**Task to complete**
Skip the pictures. Give all the data again exactly.

=== Recorded data ===

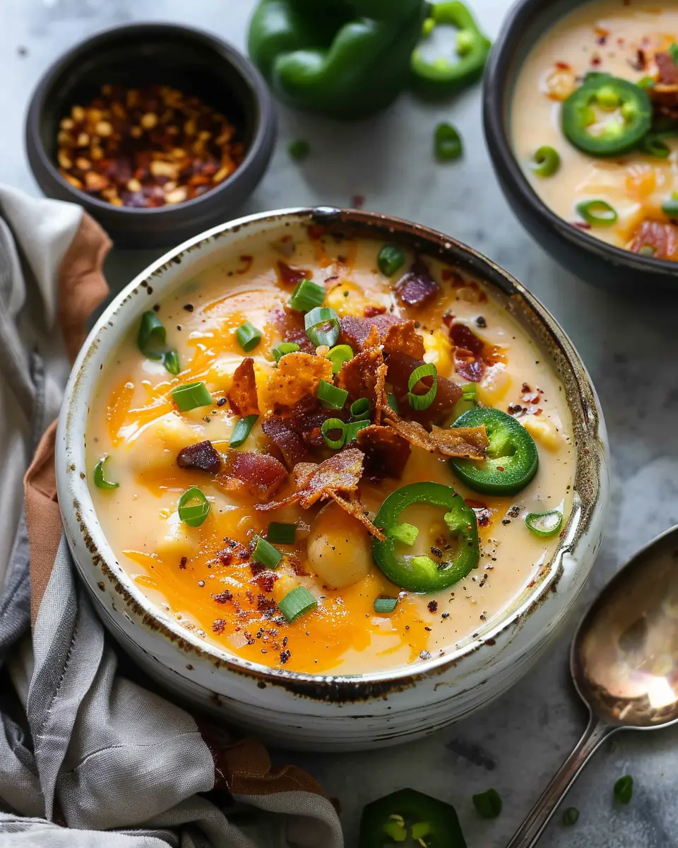 A creamy, spicy soup inspired by jalapeño poppers, perfect for a cozy night in.
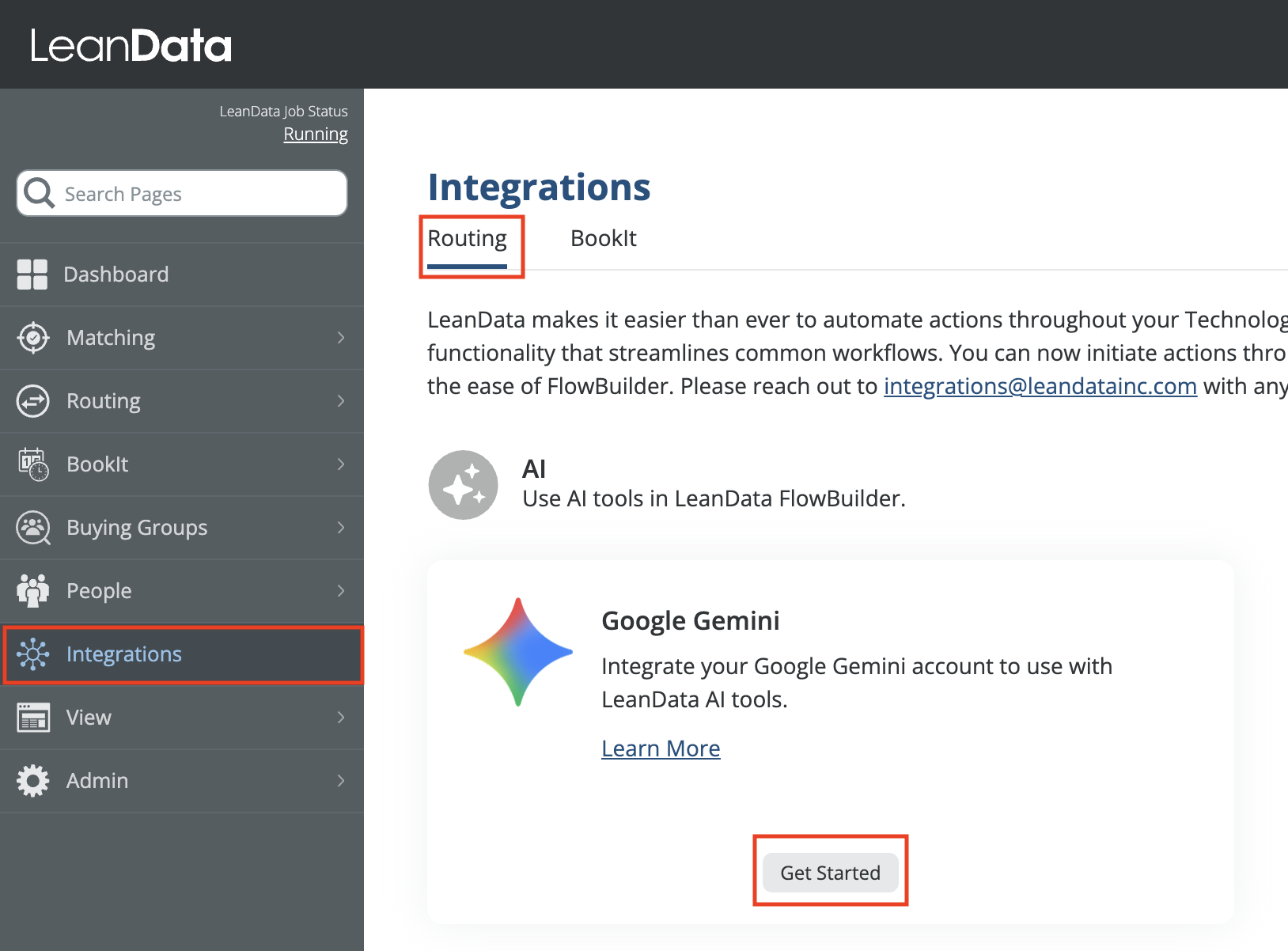 To use your own Gemini API Key, from the LeanData App, navigate to Integrations > Routing Tab > Google Gemini. Click on the Get Started button on the tile.
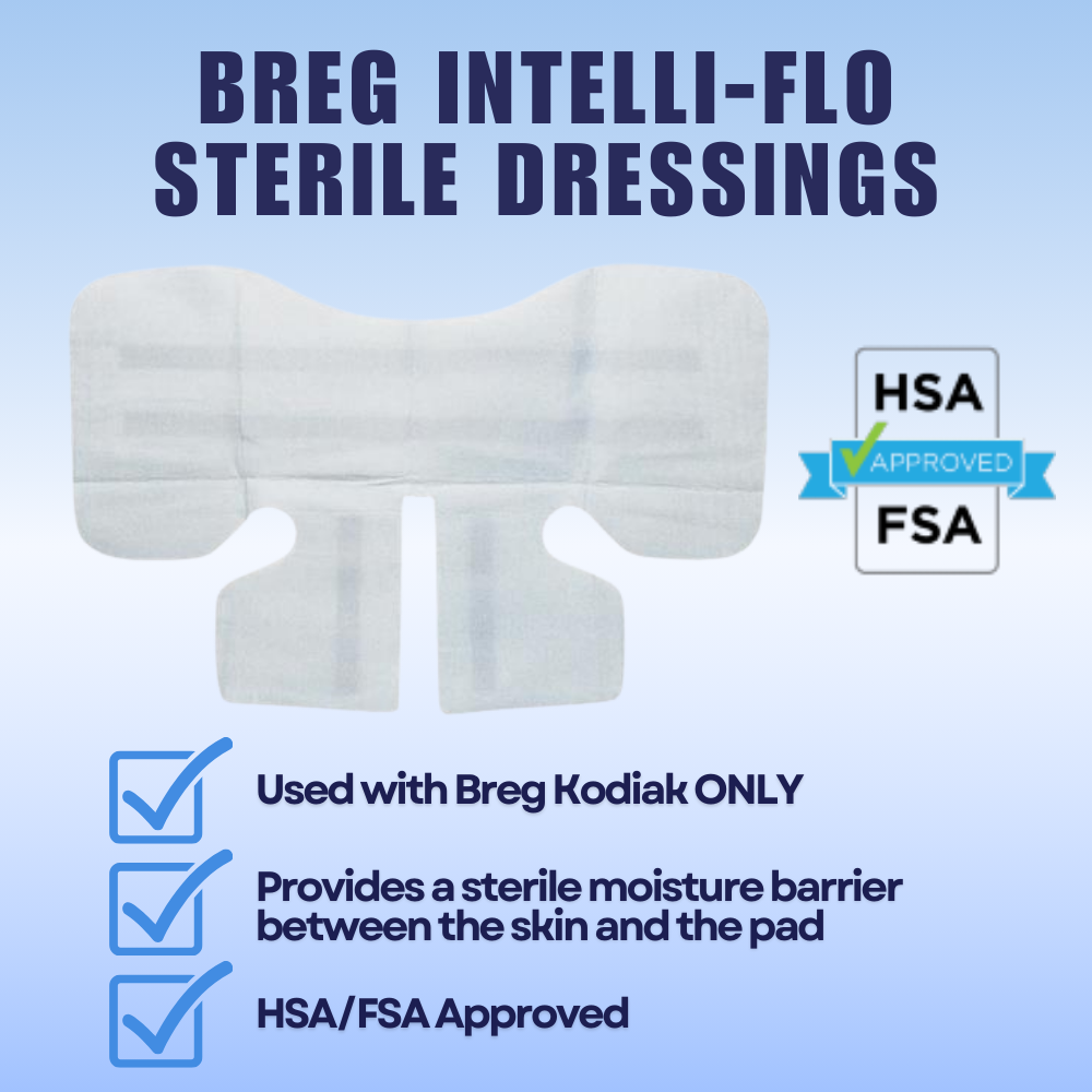 Breg Intelli-Flo Pads Sterile Polar Dressing is water impermeable dressing that provides an appropriate and complete barrier between the pad and the skin of the patient. It is compatible with Breg Intelli-Flo Cold Therapy Pad system. Simply add the sterile dressing to the cold therapy pad and replace the dressing as needed.
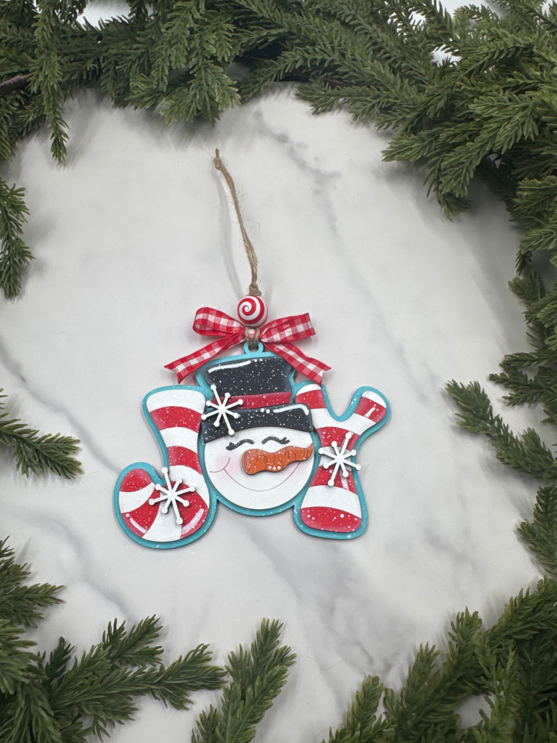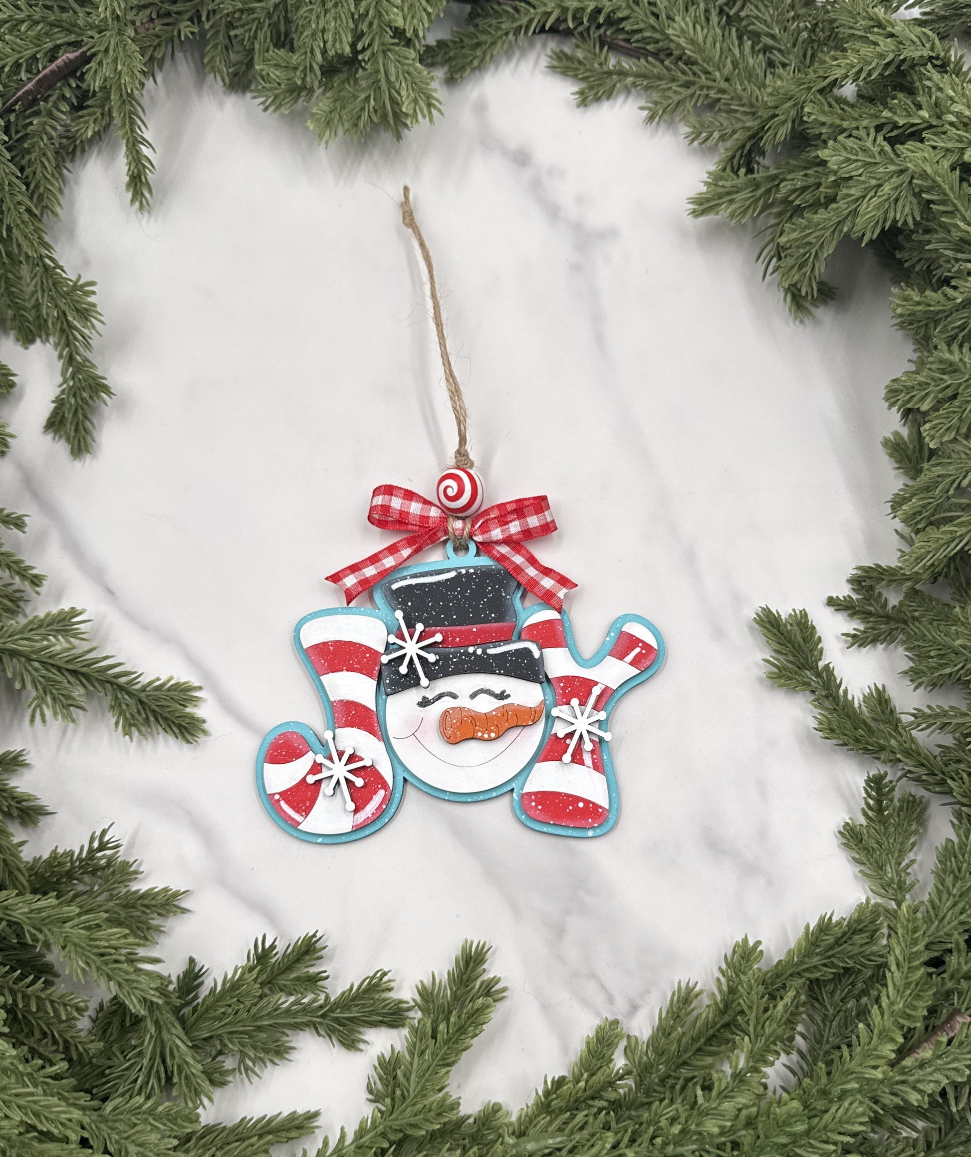 This layered wooden ornament features a jolly snowman face framed by candy cane-striped JOY lettering. Accented with playful snowflakes, a peppermint bead, and a red gingham bow, it captures the fun and whimsy of the Christmas season.

===

**Response**
 A creamy, spicy soup inspired by jalapeño poppers, perfect for a cozy night in.
 To use your own Gemini API Key, from the LeanData App, navigate to Integrations > Routing Tab > Google Gemini. Click on the Get Started button on the tile.
 Breg Intelli-Flo Pads Sterile Polar Dressing is water impermeable dressing that provides an appropriate and complete barrier between the pad and the skin of the patient. It is compatible with Breg Intelli-Flo Cold Therapy Pad system. Simply add the sterile dressing to the cold therapy pad and replace the dressing as needed.
 This layered wooden ornament features a jolly snowman face framed by candy cane-striped JOY lettering. Accented with playful snowflakes, a peppermint bead, and a red gingham bow, it captures the fun and whimsy of the Christmas season.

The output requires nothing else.